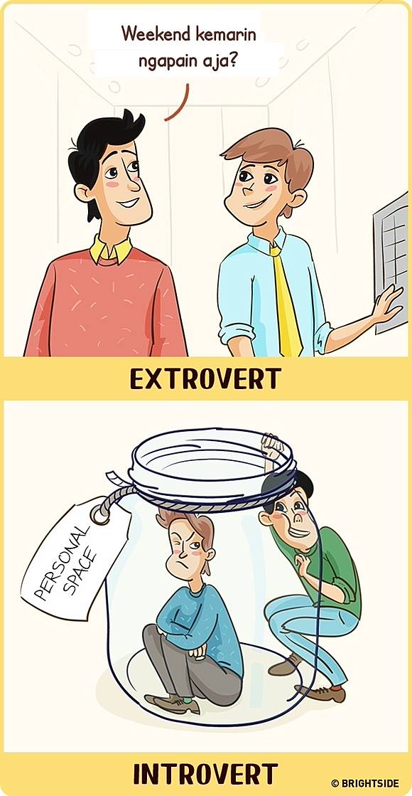 Mungkin teman - teman semua sudah tidak asing dengan istilah 'introvert' dan 'ekstrovert', yup keduanya adalah tipe kepribadian seseorang. Sebelum melihat lebih jauh perbandingannya melalui media gambar, saya akan menjelaskan dulu pengertian dari introvert dan extrovert ini.
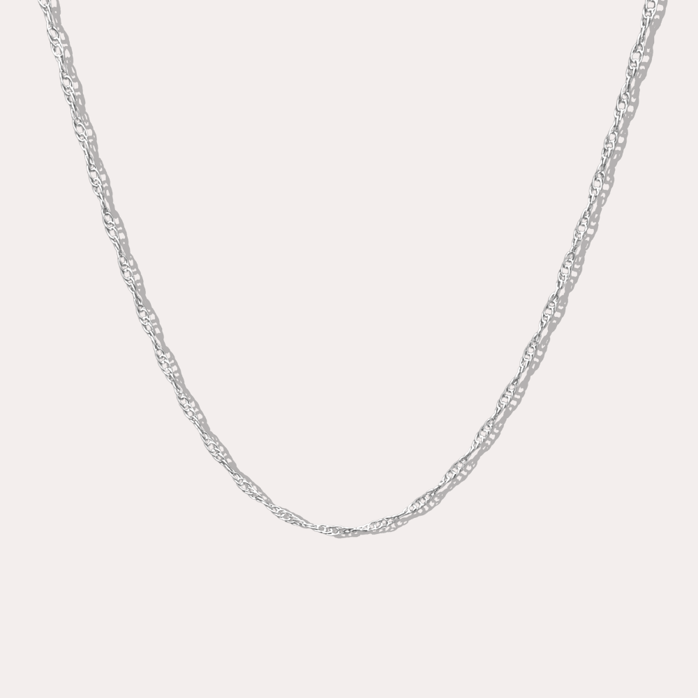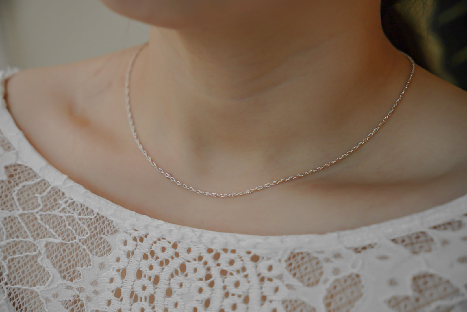 細緻1.2mm鍊身如水波閃耀,線條柔順貼頸,低調中帶著微光。925純銀或14KGF包金材質,防水防過敏,極簡百搭,單戴或疊戴皆能展現優雅氣質。
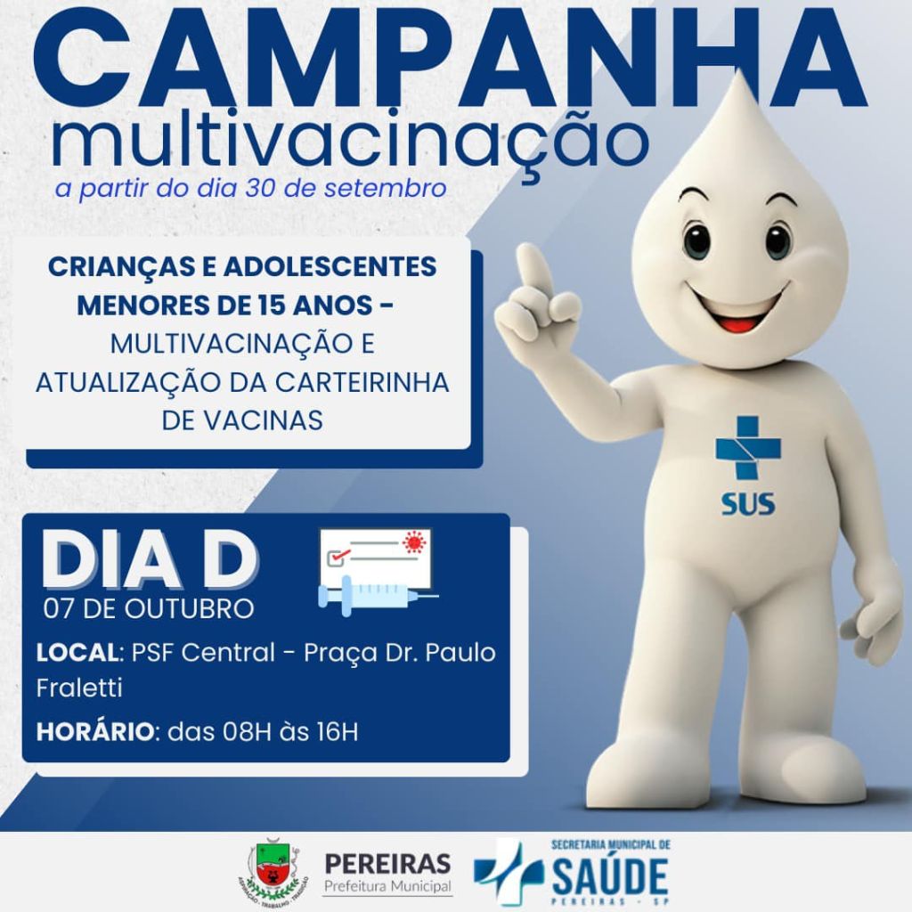 A Secretaria Municipal de Pereiras informa que a Campanha de Multivacinação para crianças e adolescentes, com idade até 15 anos, terá início em 30/09/2023.
○ ○ ○ ○ ○
▸ Exercise aim: Omit the pictures, then give all the lines above again exactly.

▸ Written answer:
 Mungkin teman - teman semua sudah tidak asing dengan istilah 'introvert' dan 'ekstrovert', yup keduanya adalah tipe kepribadian seseorang. Sebelum melihat lebih jauh perbandingannya melalui media gambar, saya akan menjelaskan dulu pengertian dari introvert dan extrovert ini.
 細緻1.2mm鍊身如水波閃耀,線條柔順貼頸,低調中帶著微光。925純銀或14KGF包金材質,防水防過敏,極簡百搭,單戴或疊戴皆能展現優雅氣質。
 A Secretaria Municipal de Pereiras informa que a Campanha de Multivacinação para crianças e adolescentes, com idade até 15 anos, terá início em 30/09/2023.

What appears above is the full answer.